The answer should be an exact repeat of the stretch of material below from the line containing "息を吹き込みフタを閉めたら、" through the line containing "高腰梨型身材A字裙伞裙 半身裙百褶裙大码 胖mm显瘦百搭西装 中长款".

# RECORDS SHOWN
"""
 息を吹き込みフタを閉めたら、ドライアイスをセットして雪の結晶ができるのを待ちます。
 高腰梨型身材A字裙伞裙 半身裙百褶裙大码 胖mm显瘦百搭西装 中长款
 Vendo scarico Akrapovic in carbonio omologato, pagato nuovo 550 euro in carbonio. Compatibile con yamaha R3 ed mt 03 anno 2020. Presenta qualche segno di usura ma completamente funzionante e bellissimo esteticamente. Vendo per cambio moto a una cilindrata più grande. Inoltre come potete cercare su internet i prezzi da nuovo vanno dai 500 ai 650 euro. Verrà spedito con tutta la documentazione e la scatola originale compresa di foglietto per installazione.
"""
"""
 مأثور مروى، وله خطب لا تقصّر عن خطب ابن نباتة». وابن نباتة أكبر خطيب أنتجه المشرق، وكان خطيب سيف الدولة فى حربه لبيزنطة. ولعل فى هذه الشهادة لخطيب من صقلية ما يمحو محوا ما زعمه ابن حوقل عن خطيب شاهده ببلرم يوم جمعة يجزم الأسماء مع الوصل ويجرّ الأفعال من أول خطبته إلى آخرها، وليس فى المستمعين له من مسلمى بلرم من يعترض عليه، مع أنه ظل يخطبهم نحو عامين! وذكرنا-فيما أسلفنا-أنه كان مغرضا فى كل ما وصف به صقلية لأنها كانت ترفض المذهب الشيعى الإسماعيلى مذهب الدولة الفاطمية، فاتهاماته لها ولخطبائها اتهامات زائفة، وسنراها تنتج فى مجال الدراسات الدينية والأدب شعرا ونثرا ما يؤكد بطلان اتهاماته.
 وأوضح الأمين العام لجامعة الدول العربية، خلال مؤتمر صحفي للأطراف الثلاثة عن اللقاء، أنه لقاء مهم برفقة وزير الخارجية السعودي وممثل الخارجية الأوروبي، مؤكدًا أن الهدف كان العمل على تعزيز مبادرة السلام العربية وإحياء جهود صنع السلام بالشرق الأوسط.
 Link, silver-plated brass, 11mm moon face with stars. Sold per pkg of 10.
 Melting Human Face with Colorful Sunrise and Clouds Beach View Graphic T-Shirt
"""
"""
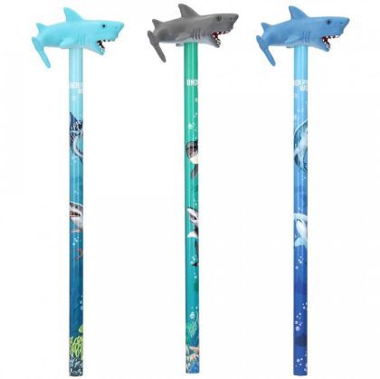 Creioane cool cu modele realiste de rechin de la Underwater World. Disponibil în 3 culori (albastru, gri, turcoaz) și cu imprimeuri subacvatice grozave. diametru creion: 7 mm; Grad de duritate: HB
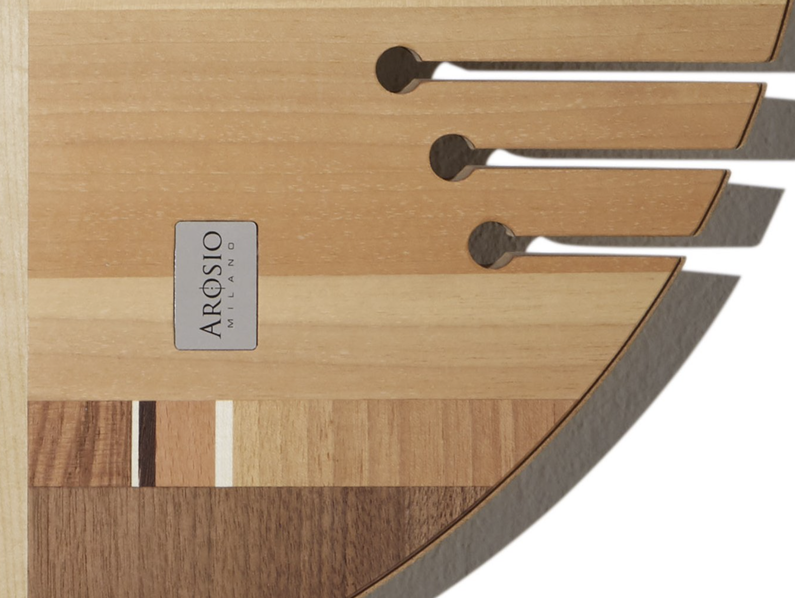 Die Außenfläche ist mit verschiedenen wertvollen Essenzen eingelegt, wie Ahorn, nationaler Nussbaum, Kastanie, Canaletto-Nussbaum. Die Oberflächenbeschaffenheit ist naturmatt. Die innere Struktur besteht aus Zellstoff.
"""
# ANSWER FOR THIS EXERCISE
 息を吹き込みフタを閉めたら、ドライアイスをセットして雪の結晶ができるのを待ちます。
 高腰梨型身材A字裙伞裙 半身裙百褶裙大码 胖mm显瘦百搭西装 中长款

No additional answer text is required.